All these sartorial choices were questioned when we got there and saw the long line of people waiting to get in all in suits and ties and dresses and high heels and saris. Feeling rather shabby we joined the line and realized that it was there because of some name checking that was happening. Now, we had been reliably informed that normally all you had to do was turn up with your passport/national ID, and you and your ‘accompanying person’ would get it. But this year, for some reason, they went all batshit security mad, and everyone had to be on a list and have an email or a card, etc. We also realized that by ‘accompanying person’ they meant partner. Flamenca promptly declared that I was her husband’s wife and we twiddled our thumbs as we inched closer and closer to the woman in ill-fitting sari who was checking. Flamenca told her that we were on the list but hadn’t received the email. She, obviously, didn’t find us on the list, and then directed us to talk to another woman, who was in a rather better fitting lehenga choli. We milled about waiting for her to see us, and then someone else we know came up and said I don’t have email either. At which point we decided to just walk in. And we did!
As we rounded the corner (the embassy is in this EXQUISITE brit era house like the one that my friend Chica used to live in cos his dad was in the IFS) and ran smack into another line. Wondering what this was, we shuffled along making desultory conversation, with the Spaniards exclaiming that this was excessive and embarrassing I was asked if I was Colombian. Actually I was asked this often that night and I always said yes =D But then I had to say no, cos you know lies and all. Anyway, it turned out that the line was to shake hands with the ambassador, his wife and two more men. It was hilarious.
Eventually released into the huge garden, we fell like wolves upon the Spanish wine and the bits of tortilla, which I was eventually informed were for TASTING ONLY. The wine was exquisite, as always, but the food was terrible. It was mediocre Punjabi food. Ugh.
We knew a lot of people at that party, so we flitted about saying hello and whatnot. I ran into an old professor, who has not changed a bit–I shall say no more to be diplomatic. But the main problem with that party was that it was too damn European! Seriously. All stiff-necked and snooty. Eventually we created a sidebar next to the pool (!!), with Flamenca and Mr Flamenca, their bassist and his wife, me, and a couple that Flamenca inadvertently set up by making them dance at a concert. The Syrian bassist, who looks for some reason like he’s from the secret police, would walk to the bar and say give us a bottle of red and they’d just meekly hand it over. At one point we started getting them in twos! This miniparty was, of course, much fun, with all us hippies having random conversations such as the use of the subjunctive in English etc. That one was sparked by the bassist asking me how long I’d been in India. If I had a dollar…
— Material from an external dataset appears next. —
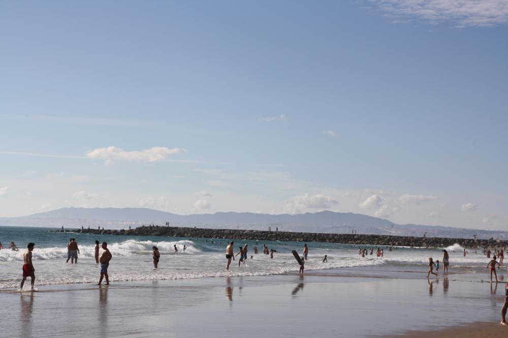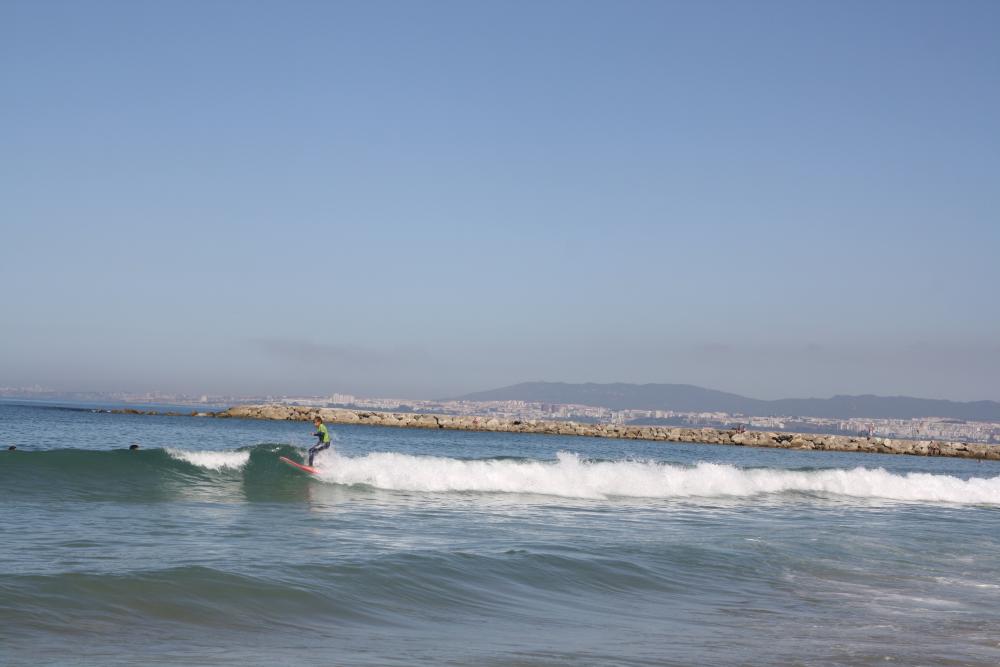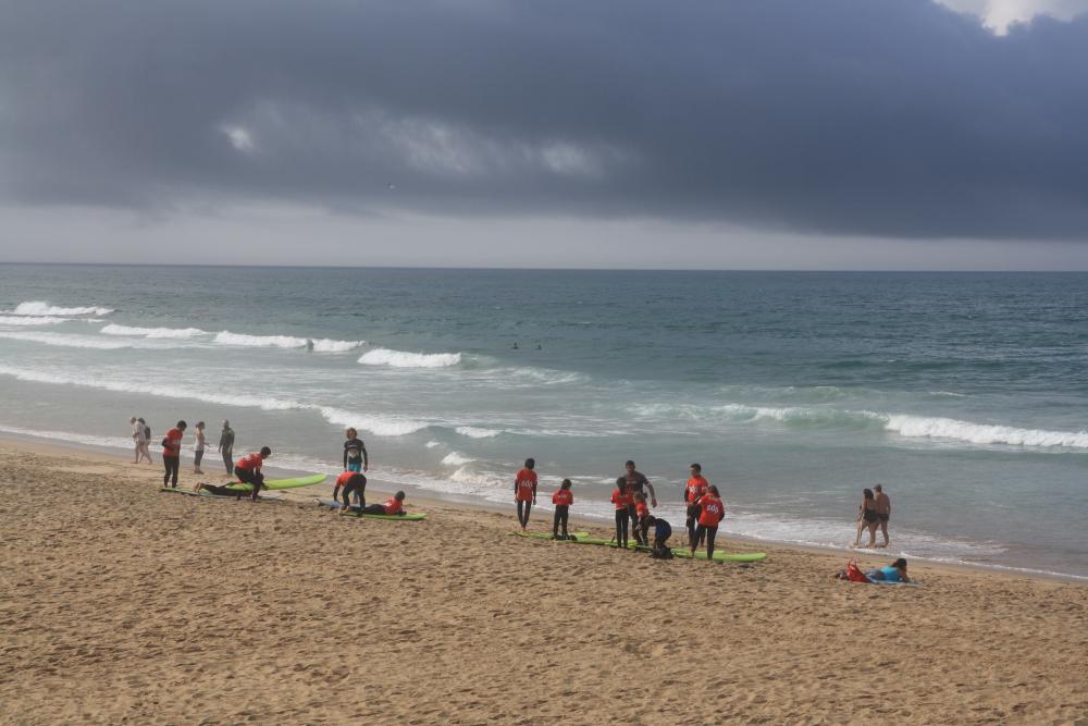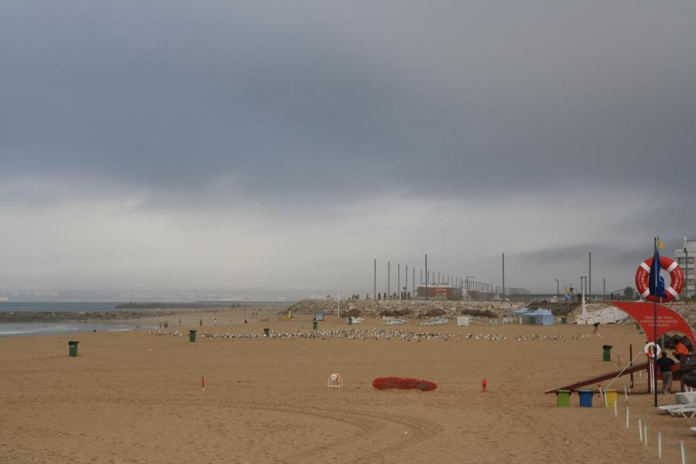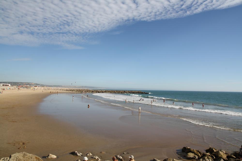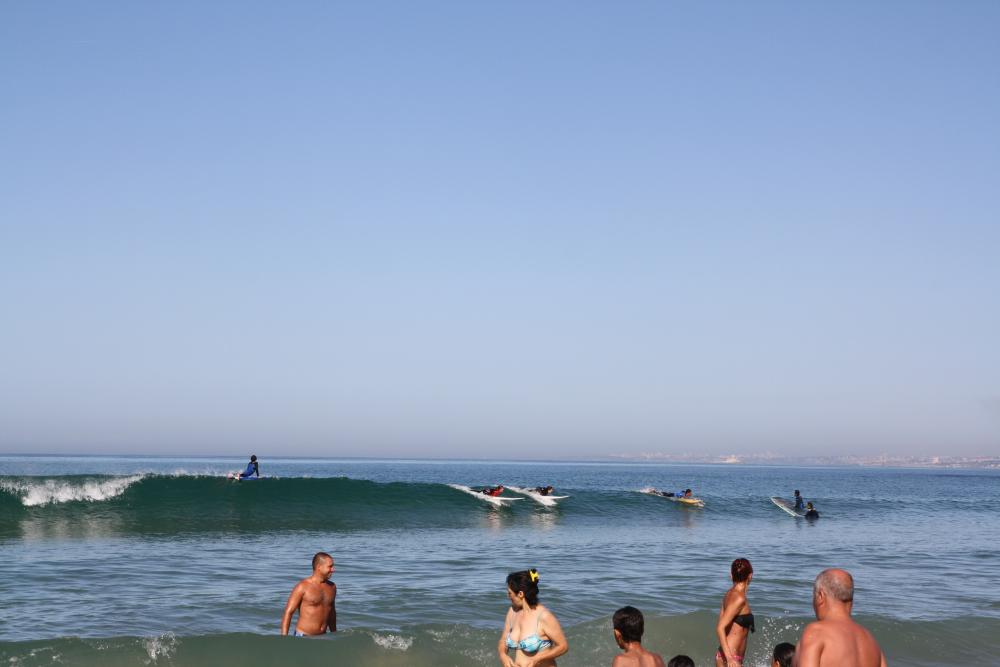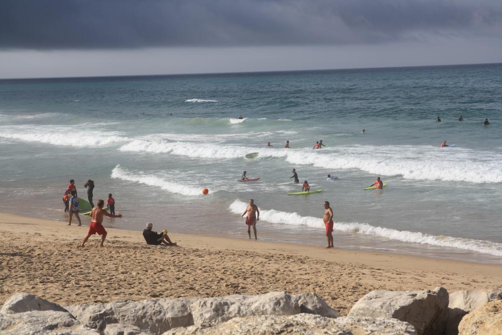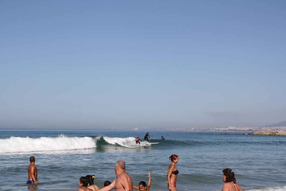 Немного выше она бывает только во второй половине сентября. Португальцы купаются все время, несмотря на постоянную волну. Спасатели тоже все время на пляже, плавать не разрешают. Все время стоит красный флажок. Народ заходит не очень далеко, но зато серфингистам раздолье. Дети пяти, шести лет уже тащат за собой доски для серфинга. Создаются группы, в которых обучают серфингу. Занимаются утром и после обеда.

At one point, the DJ started to play Señorita. And it is hysterical the way nearly half the party just surged onto the dance floor and began to boogie like mad doing fake flamenco. Really. I couldn’t dance for laughing. Then they played chammak challo, which sparked even more hysteria. Then they switched to Spanish music.
The rest of the details of that night escape me, but there were some really bizarre highlights. Flamenca is doing some work with a couple of businessmen, one in his late forties and one in his late sixties. She calls the latter Mick Jagger because she says he’s very youthful in this unnerving way. I dismissed her out of hand, saying there’s no way a sixty-year-old could be hot. And then I met him. Holy Mary mother of Jesus! It is just wrong that a man his age should be that attractive. It didn’t help that he was all superbly dressed and horrible chivalrous and flirty.
Then there is this particular gay man who used to be very thick with us, but got bitchier and bitchier and we decided to ignore him. He was there, and then very drunkenly wanted to bond with both of us. At the end of the night, he was standing at the table with Flamenca, me and the businessmen, and he began to tell us how he wanted to get home really fast because HE WAS GOING TO HAVE SEX WITH HIS HUSBAND! ‘MY HUSBAND HAS SUCH A HUGE COCK AND I LOVE HAVING SEX WITH HIM BIM BAM BOOM!’ We were in shock. Then he said ‘MY HUSBAND HAS GIANT BALLS FILLED WITH SEMEN.’ This was too much for us and we had to run away and giggle frantically.
And then there was the mad auto ride at 2am, all the way back here and the frantic devouring of dosias made form idle batter before collapsing in bed, to wake up the next morning and make strange cat videos with G-Jams.